Мне тяжело в будни и плохо, будни затягивают и портят. В будни мы встречались как-то второпях, на лестнице, ты так устала за день, что и улыбаться не могла. И мы весь вечер сидели среди пальм и пьяных вокзального ресторана, а потом ехали в такси далеко-далеко, где деревянный домик с калиткой и деревьями в снегу, где живешь до сих пор ты.Барабаны били так, что хотелось идти на войну.
Летал во сне между гор, обитых, как стулья в его комнате.
Мама приехала утром в шесть часов. Красивая и загорелая, как середина июля. Я открыл дверь и потом зевал до восьми часов, не в состоянии заснуть.
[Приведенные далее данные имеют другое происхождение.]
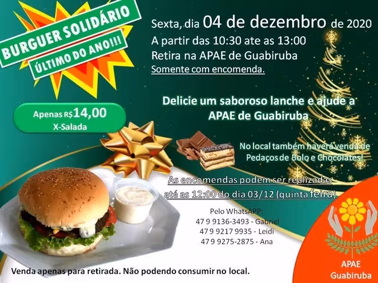 A Apae de Guabiruba realiza nesta sexta-feira, 4, última edição do ano do Burguer Solidário. Os lanches devem ser encomendados até quinta-feira, 3, às 12h, para retirada no dia seguinte entre 10h30 e 13h. No local também haverá venda de bolos e chocolates.

Мама вымылась и в халате причесывала мокрые волосы, поставив зеркало на подоконник. Она сидела вся освещенная солнцем, в голубом халате.
Мне приснился страшный сон,— говорила она.— Я видела нашу комнату и пятнадцать пустых бутылок на столе.
Какие были бутылки?
Из-под водки. Пятнадцать бутылок — меня трясло до утра.
Я молчал, думая: неужели бывают вещие сны? За день до маминого приезда, то есть вчера утром, я сдал 15 бутылок из-под водки. Ровно 15 — ни больше, ни меньше.
Мне снилось, что в меня стреляют, я проснулся, и рука моя лежала на животе.
По мужской части ничего помочь не надо?
Вечером, в прекрасную мокрую погоду напротив ресторана «Пекин» человек в темном пальто расквасил лицо своей женщине. Она была в синем костюме с глубоким вырезом на труди, лицо бледное, волосы светлые и кровь на губах, подбородке и щеке. Он кулаком, короткими ударами, загнал ее к стене, и она даже не кричала, а только плакала.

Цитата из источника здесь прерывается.